[RFC PATCH v2 06/11] page-pool: add device memory support

Jesper Dangaard Brouer jbrouer at redhat.com
Tue Aug 22 12:24:34 UTC 2023



On 22/08/2023 08.05, Mina Almasry wrote:
> On Sat, Aug 19, 2023 at 2:51 AM Jesper Dangaard Brouer
> <jbrouer at redhat.com> wrote:
>>
>> On 10/08/2023 03.57, Mina Almasry wrote:
>>> Overload the LSB of struct page* to indicate that it's a page_pool_iov.
>>>
>>> Refactor mm calls on struct page * into helpers, and add page_pool_iov
>>> handling on those helpers. Modify callers of these mm APIs with calls to
>>> these helpers instead.
>>>
>>
>> I don't like of this approach.
>> This is adding code to the PP (page_pool) fast-path in multiple places.
>>
>> I've not had time to run my usual benchmarks, which are here:
>>
>> https://github.com/netoptimizer/prototype-kernel/blob/master/kernel/lib/bench_page_pool_simple.c
>>
> 
> I ported over this benchmark to my tree and ran it, my results:
> 

What CPU is this and GHz?  (I guess 2.6 GHz based on results).

(It looks like this CPU is more efficient, instructions per cycles, than 
my E5-1650 v4 @ 3.60GHz).

> net-next @ b44693495af8
> https://pastebin.com/raw/JuU7UQXe
> 
> + Jakub's memory-provider APIs:
> https://pastebin.com/raw/StMBhetn
> 
> + devmem TCP changes:
> https://pastebin.com/raw/mY1L6U4r
> 

Only a single cycle slowdown for "page_pool01_fast_path".
 From 10 cycles to 11 cycles.

> + intentional regression just to make sure the benchmark is working:
> https://pastebin.com/raw/wqWhcJdG
> 
> I don't seem to be able to detect a regression with this series as-is,
> but I'm not that familiar with the test and may be doing something
> wrong or misinterpreting the results.
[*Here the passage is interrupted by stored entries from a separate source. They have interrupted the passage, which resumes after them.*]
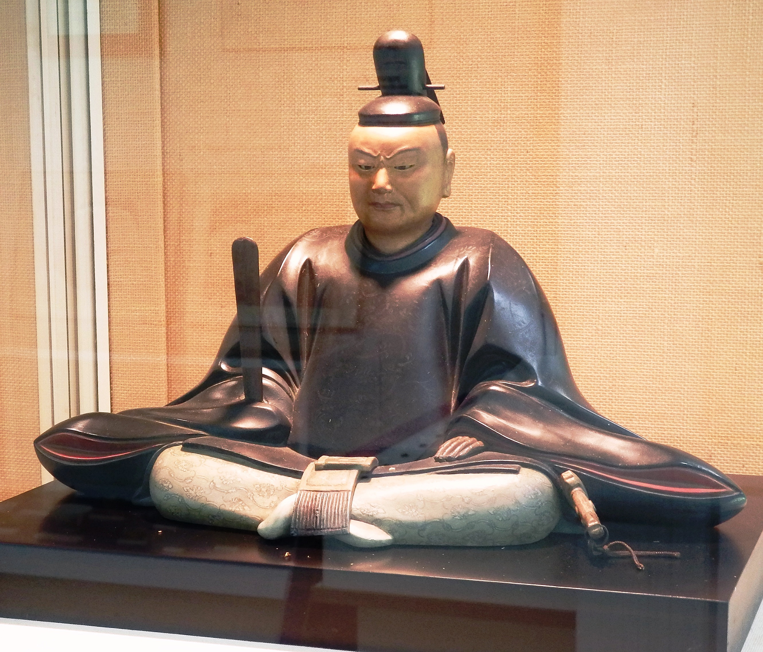 The seated figure of Ashikaga Yoshihide, in Awa-Kubo Minzoku Siryōkan, Anan, Tokushima, Japan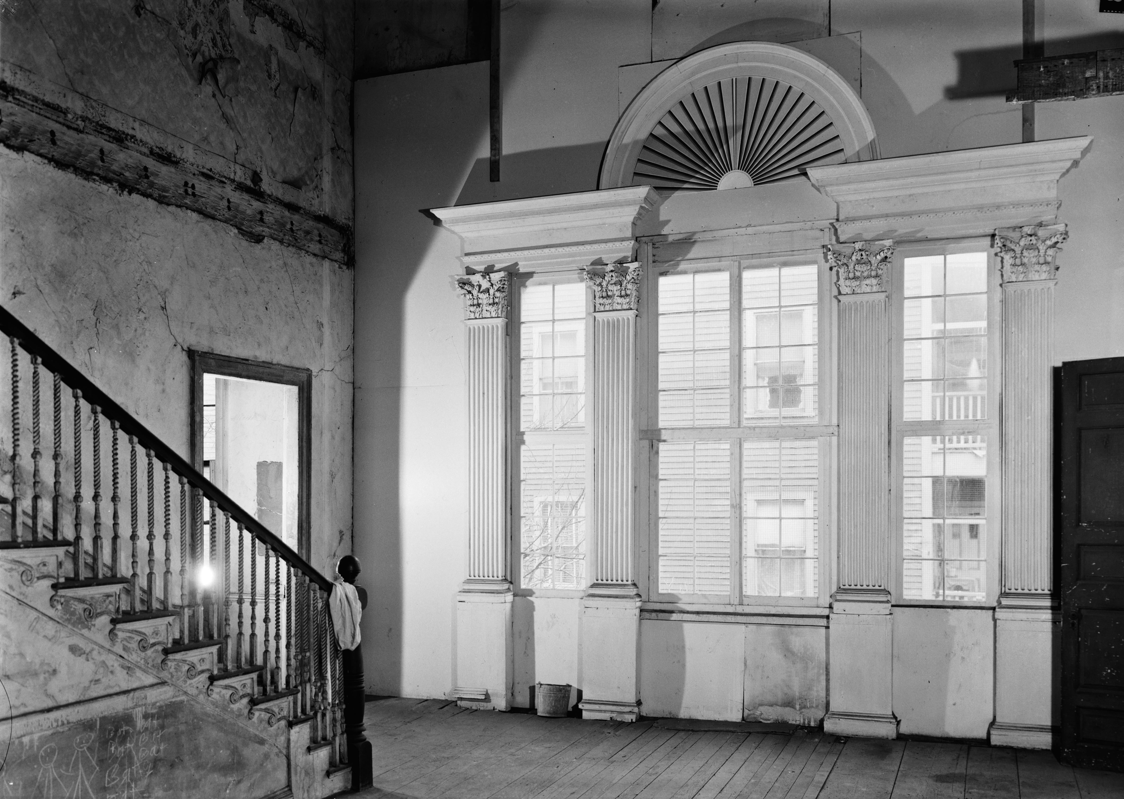 Photograph of the Shirley-Eustis House, Boston, Massachusetts. Interior view of Palladian entrance, before restoration.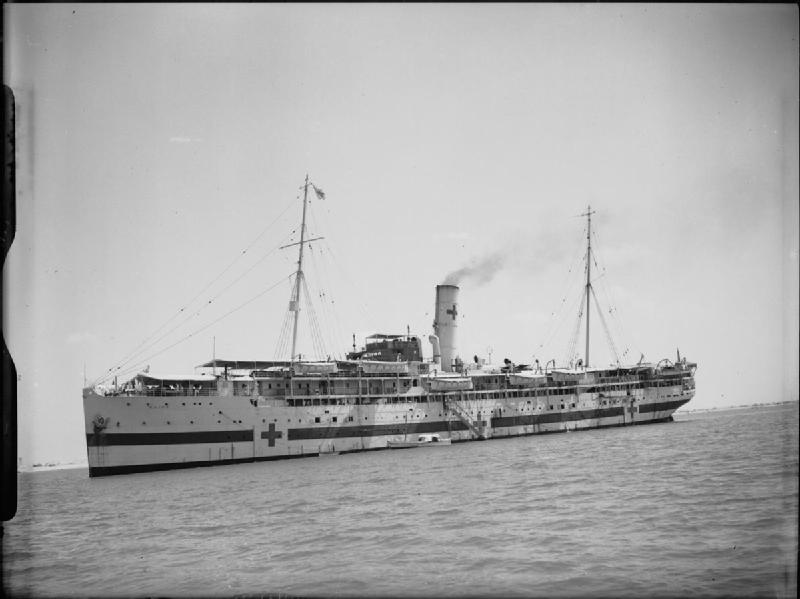 Hmhs Maine The Hospital Ship MAINE which served the Royal Navy in the Mediterranean. The MAINE was 41 years old and the only ship of her kind in the Mediterranean at the time of photographing. Other hospital ships in the Mediterranean were chartered by the Army.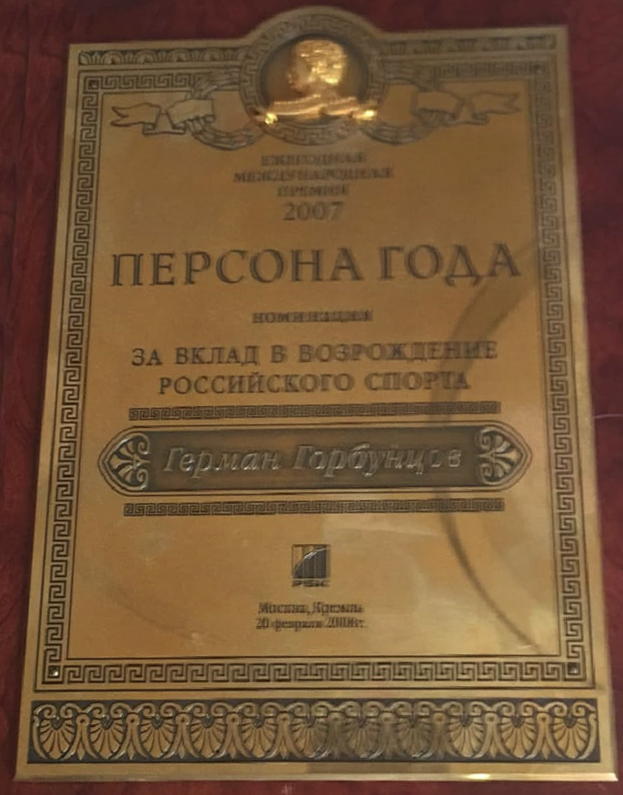 RBC award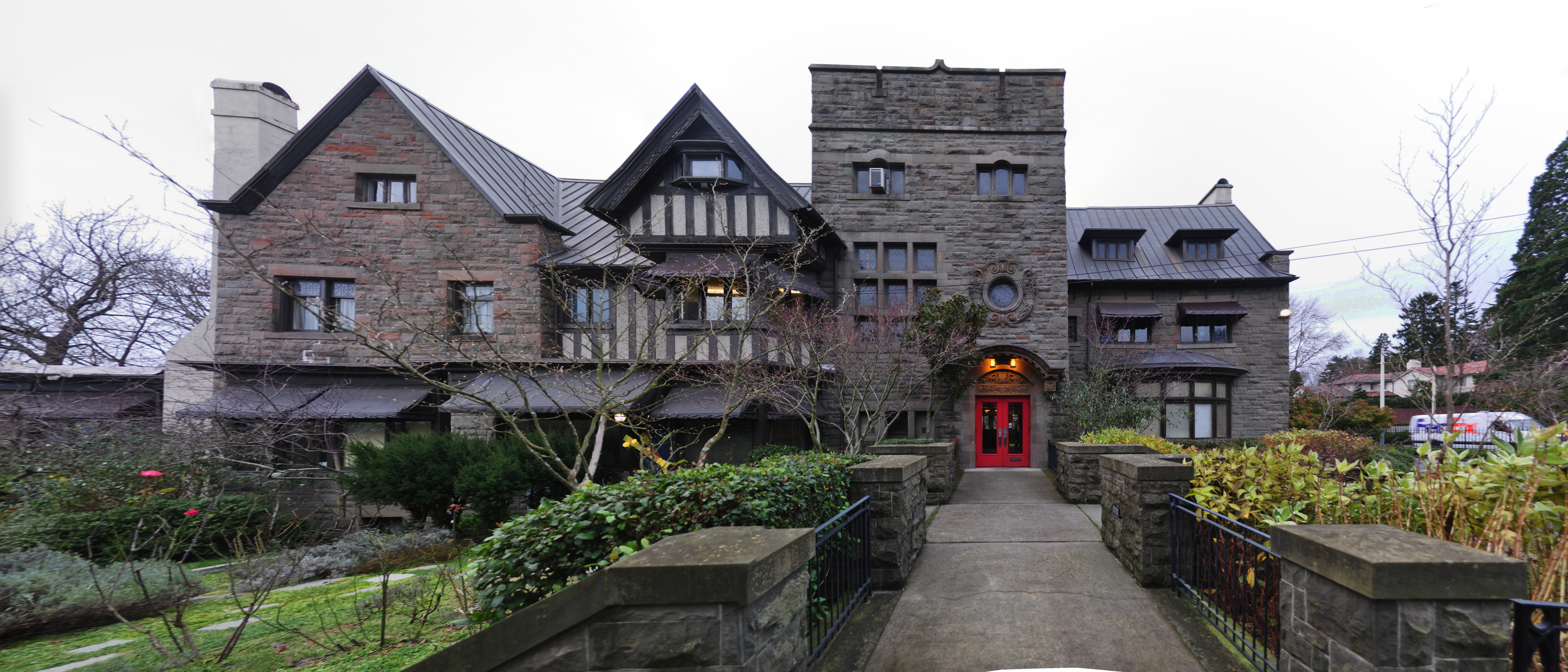 Panoramic view of the south façade, 1551 10th Avenue E., Capitol Hill, Seattle, Washington. The Eliza Ferry Leary House (a.k.a. Diocesan House), headquarters of the Episcopal Diocese of Olympia, in the same complex of buildings as St. Mark's Episcopal Cathedral. Listed on the National Register of Historic Places, ID #72001274. 2-1/2 story mansion built 1904-07, from designs by Alfred Bodley. Eliza Ferry Leary lived here until her death in 1935. The Red Cross used the house as its headquarters until 1948, when it was purchased by the Episcopal Diocese of Olympia. Summary for 1551 10th AVE / Parcel ID 2025049121, Seattle Department of Neighborhoods. This image was created with Hugin.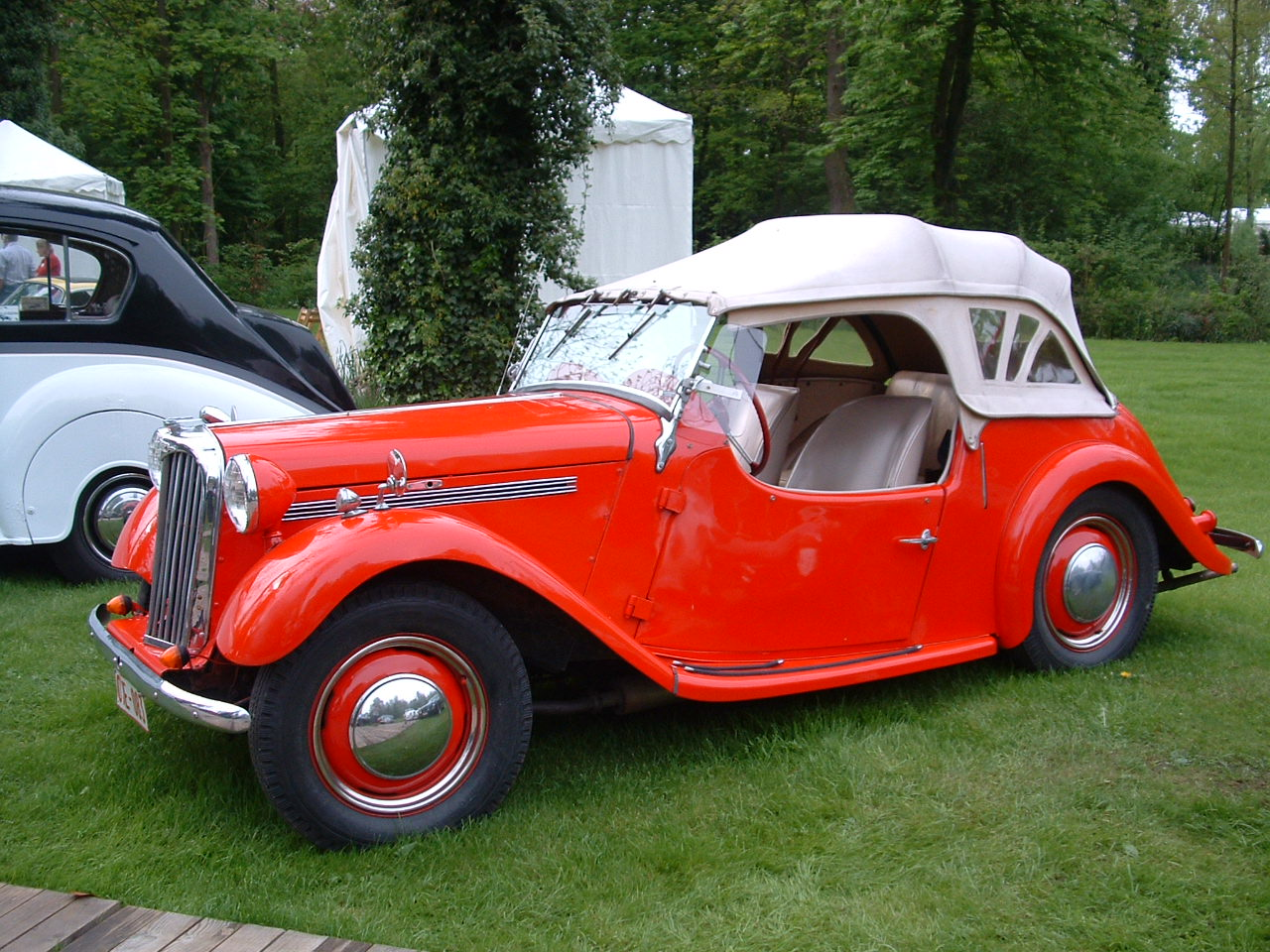 Singer SM Roadster (4AD) taken by Jean-Paul Broekaert, used with permission

Does this look ok to you?
> 

The performance results are better than I expected.  The small
regression from 10 cycles to 11 cycles is actually 10%, but I expect
with some likely/unlikely instrumentation we can "likely" remove this again.

So, this change actually looks acceptable from a performance PoV.
I still think this page_pool_iov is very invasive to page_pool, but
maybe it is better to hide this "uglyness" inside page_pool.

The test primarily tests fast-path, and you also add "if" statements to
all the DMA operations, which is not part of this benchmark.  Perhaps we 
can add unlikely statements, or inspect (objdump) the ASM to check code 
priorities the original page based "provider".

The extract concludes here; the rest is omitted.